Dijual: Harga Diri

Bacaan hari ini sebetulnya lebih cocok untuk posting kemarin tentang piknik maido. Tetapi apa mau dikata, sudah dibahas kemarin, tak perlu diulang lagi bahkan meskipun piknik masih bisa diganti dengan tamasya. Yang mungkin baik direfleksikan hari ini ialah bagaimana hati nurani atau suara hati itu bisa tersesat karena peran duit. 

Taruhlah seorang beragama A mendatangi orang beragama B dan berniat menjadikan orang beragama B ini sebagai pemeluk agama A. Intensi A itu sendiri sudah memalukan, kalau tidak menjijikkan, tetapi lebih memalukan lagi jika dalam upaya proselitisme itu dipakai uang dan A berhasil mengubah B menjadi penganut agama A. Siapa yang memalukan dan menjijikkan? Ya si B dong! Kenapa? Karena dia menjual integritas keyakinannya.

Beberapa waktu lalu saya ulas soal kingdom of conscience yang semestinya menjadi ranah kehidupan umat beriman. Akan tetapi, mesti diakui bahwa conscience itu secara praktis bisa diperjualbelikan dan jika conscience diperjualbelikan, yang menjijikkan bukanlah pembeli conscience, melainkan penjualnya. Kelemahan tak perlu diletakkan pada pembeli conscience, karena roh jahat senantiasa menempuh segala upaya entah halal entah haram untuk mendapatkan apa yang diinginkannya. Artinya, kalau mesti menyumbang 60 milyar plus 20 milyar pun dia okeh-okeh ajah, namanya juga program okeh ngoceh, yang penting kan ngocehnya, membangun kan urusan tukang bangunan, hahaha…

Kelemahan ada pada pihak yang menjual consciencenya untuk 60 plus 20 milyar itu. Apakah ini soal pilgub DKI? Bukan itu saja, melainkan juga soal bagaimana orang merawat consciencenya. 100 milyar bisa membeli apa saja bisa dihitung secara matematis, tergantung price listnya. Orang bisa mengatakan 100 milyar lebih berdaya daripada undian berhadiah 1 juta. Orang tentu bisa menghitung bahwa investasi 800 trilyun jauh lebih besar daripada 80 trilyun. Martabat conscience sejati tak pernah bisa dijual dengan angka-angka itu atau barang-barang lain yang setara dengannya. Duit memiliki kekuatan atas orang yang consciencenya lemah, yang menjualnya kepada penawar tertinggi.

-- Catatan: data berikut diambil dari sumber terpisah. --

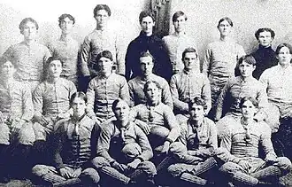 Walter Riggs can be characterized as the "Father of Clemson Football", as he brought the game with him from Agricultural and Mechanical College of Alabama (now Auburn University). The fact that Auburn and Clemson share the same mascot is no accident. Riggs allowed his players to pick the team mascot and, although he may have influenced their decision, the players chose Tigers because Princeton University had just won the national championship. Riggs helped organize and coach the infant Tiger team in 1896. With little money to spend on uniforms, Riggs brought some of Auburn's old practice uniforms with him, which happened to have orange and navy jerseys.[1] Because the jerseys had gone through a few washboard scrubbings, they were quite faded, the navy worse than the orange. So Riggs made the school's predominant color orange and the faded condition of the navy became the purplish color, officially known today as Regalia.[1] The team played as a member of the Southern Intercollegiate Athletic Association (SIAA), the first southern athletics conference.

Sayang beribu sayang, tindakan menjual conscience memang biasanya terjadi kalau orang mencari jalan pintas. Ia mengira bisa membeli kebebasan sebagaimana bisa menjual conscience. Pokoknya asal cepat dapat anu atau inu, asal sakitnya cepat berlalu, asal penderitaannya tidak lama-lama, asal menunggunya tak perlu kesabaran, asal semuanya lancar, asal tak berkonfrontasi dengan ketakutan untuk berubah, dan seterusnya.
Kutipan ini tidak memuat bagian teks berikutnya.